Relationship between AI, ML, and DL. Created based on information from [4,8,9,10].

Table 1

Important AI-related terms and definitions.

Term	Description	References
Machine learning (ML)	Process by which an algorithm encodes statistical regularities from a database of examples into parameter weights for future predictions	[11]
Deep learning (DL)	Multilayered complex ML platform comprised of numerous computational layers able to make accurate predictions	[6]
Supervised learning	Training an ML algorithm using previously labeled training examples, consisting of inputs and desired outputs provided by an expert	[7,11]
Unsupervised learning	When an ML algorithm discovers hidden patterns or data groupings without the need for human intervention	[11]
Reinforcement learning	Learning strategies towards acting optimally in certain situations with respect to a given criterion; such an algorithm obtains feedback on its performance by comparison with this criterion through reward values during training	[7]
Model	A trained ML algorithm that can make predictions from unseen data	[11]
Training	Feeding an ML algorithm with examples from a training dataset towards deriving useful parameters for future predictions	[11]
Features	Components of a dataset describing the characteristics of the studied observations	[1]
Decision tree	Nonparametric supervised learning method visualized as a graph representing the choices and their outcomes in the form of a tree; each tree consists of nodes (attributes in the group to be classified) and branches (values that a node can take)	[12,13]
Random forest	Ensemble classification technique that uses “parallel ensembling”, fitting several decision tree classifiers in parallel on dataset subsamples	[13]
Naïve Bayes (NB)	Classification technique assuming independence among predictors (i.e., assumes that the presence of a feature in the class is unrelated to the presence of any other feature)	[12]
Logistic regression	Algorithm using a logistic function to estimate probabilities that can overfit high-dimensional datasets, being suitable for datasets that can be linearly separated	[13]
K-nearest neighbors (KNN)	“Instance-based learning” or a non-generalizing learning algorithm that does not focus on constructing a general internal model but, rather, stores all instances corresponding to the training data in an n-dimensional space and classifies new data points based on similarity measures	[13]
Support vector machine (SVM)	Supervised learning model that can efficiently perform linear and nonlinear classifications, implicitly mapping their inputs into high-dimensional feature spaces	[12]
Boosting	Family of algorithms converting weak learners (i.e., classifiers) to strong learners (i.e., classifiers that are arbitrarily well-correlated with the true classification) towards decreasing the bias and variance	[12]
Artificial neural network (ANN)	An ML technique that processes information in an architecture comprising many layers (“neurons”), each inter-neuronal connection extracting the desired parameters incrementally from the training data	[6,11]
Deep neural network (DNN)	A DL architecture with multiple layers between the input and output layers	[11]
Convolutional neural network (CNN)	A class of DNN displaying connectivity patterns similar to the connectivity patterns and image processing in the visual cortex	[11]

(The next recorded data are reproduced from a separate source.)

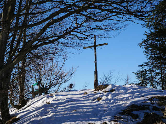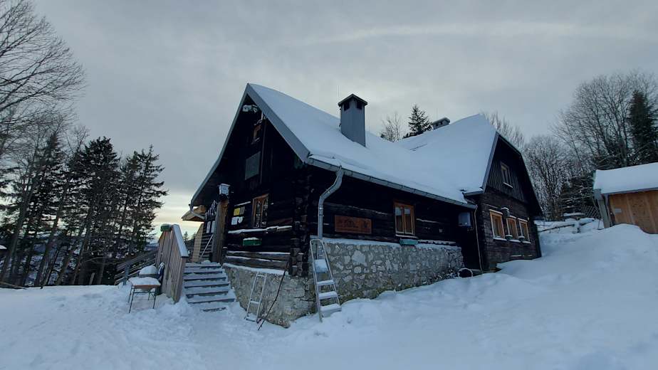 Schöne Winter-Rundwanderung zum Gipfel der Hohen Dirn, 1.134 m, in den Oberösterreichischen Voralpen in der Region Steyr. Am Rückweg kommt an der Anton-Schosser-Hütte vorbei, die ganzjährige geöffnet hat.
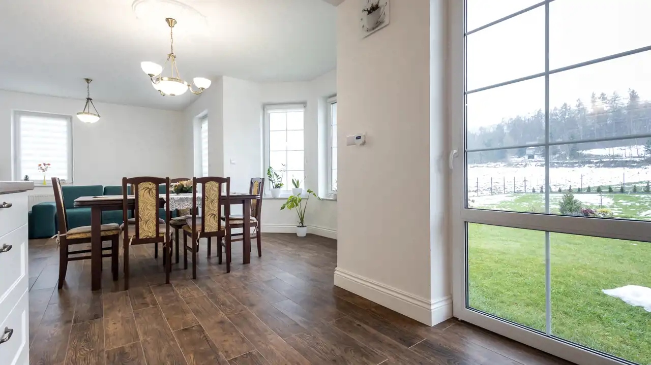 - duży, przestronny salon z wyjściem na taras i do ogrodu,
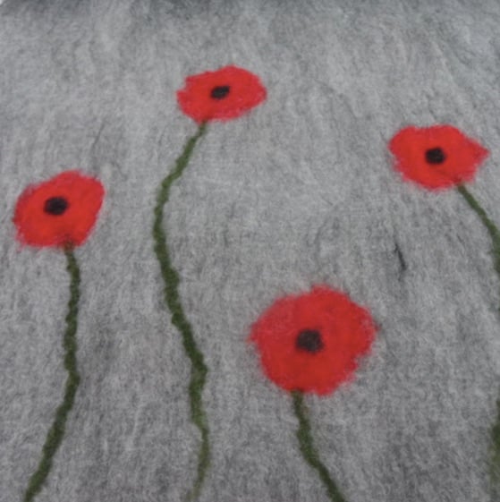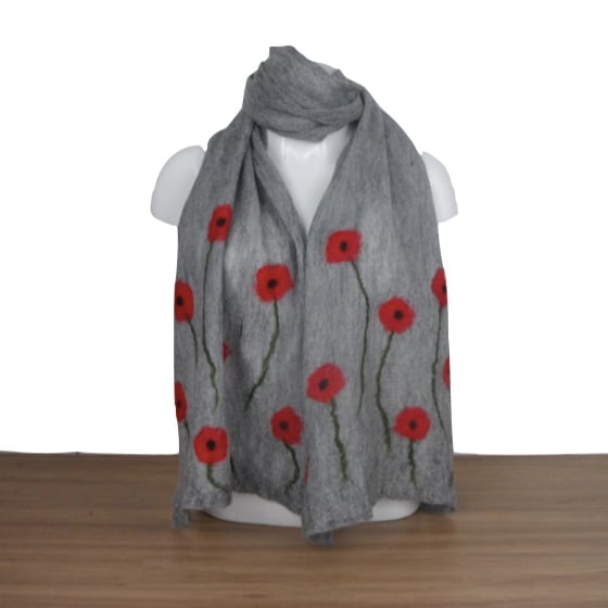 A gorgeous grey scarf with vibrant poppy decoration made by nuno felting soft merino wool onto a silk chiffon base.
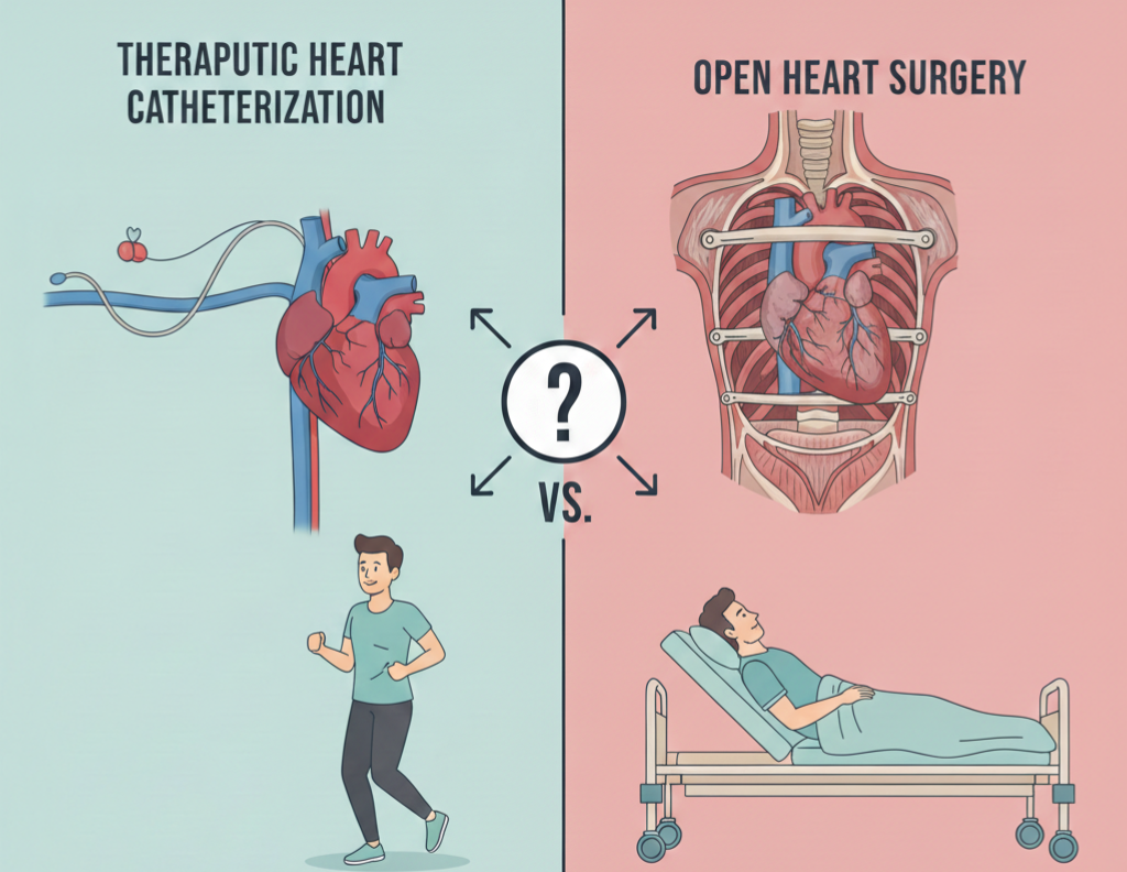 نتيجةً لتطور الوسائل المُستخدمة في القسطرة العلاجية، أصبح بإمكانها أن تحل محل عمليات القلب المفتوح في الكثير من الحالات.
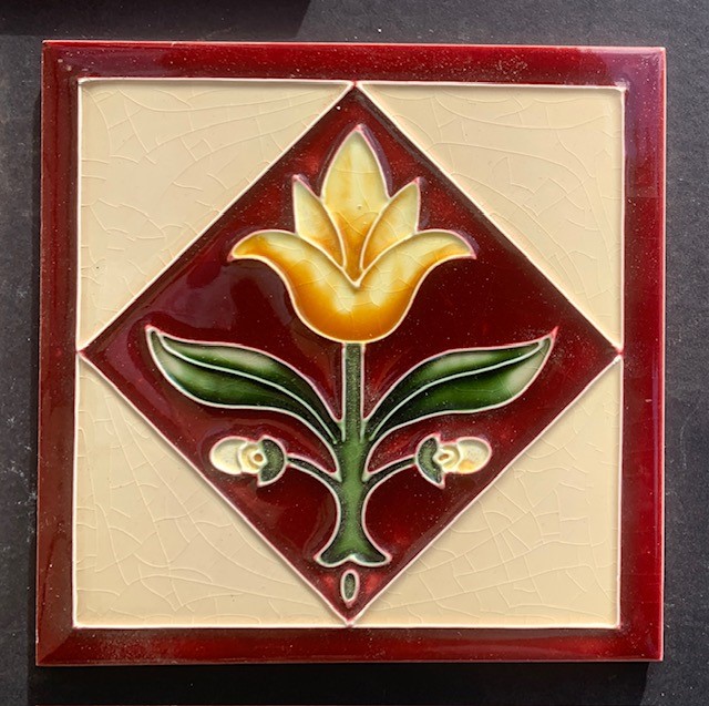 SOLD Detail of Johnson reproduction moulded feature tiles, yellow tulip with green foliage on burgundy and beige background. 153 x 153 x 8mm, 3 available (SET470) $35 each

In recent years, AI has attracted more and more research interest in medicine, being investigated for a plethora of applications. Numerous studies have evaluated various aspects of the healthcare system, reporting the progress in AI involvement in the prevention, screening, and treatment of diseases and prediction of the prognosis [14,15]. In this context, the present paper thoroughly reviews the most recent potential clinical applications of AI in the fields of cardiology, neurology, oncology, hematology, nephrology, gastroenterology, hepatology, orthopedics, and rheumatology, further focusing on the challenges that limit their introduction to clinical practice. More specifically, this work reviews English language research articles in the fields published in the last 5 years (2018–2022). Studies were retrieved from the Science Direct and Google Scholar databases using combinations between the following keywords: “artificial intelligence”, “machine learning”, “deep learning”, “clinical applications”, “prediction”, “diagnosis”, “screening”, “treatment”, “prognosis”, “cardiology”, “neurology”, “oncology”, “cancer”, “hematology”, “nephrology”, “gastroenterology”, “hepatology”, “orthopedics”, and “rheumatology”. The relevant search results were manually selected; the papers were analyzed and discussed in the main text of the review; and the studies for which at least one of the following performance metrics was available, namely accuracy, precision, sensitivity, specificity, or correlation between the automated and manual measurements, were additionally summarized in a series of tables. The choice of the included medical specialties was based on the available literature data, as other areas were not as explored in recent years or remained at the level of hypothesis/opinion papers.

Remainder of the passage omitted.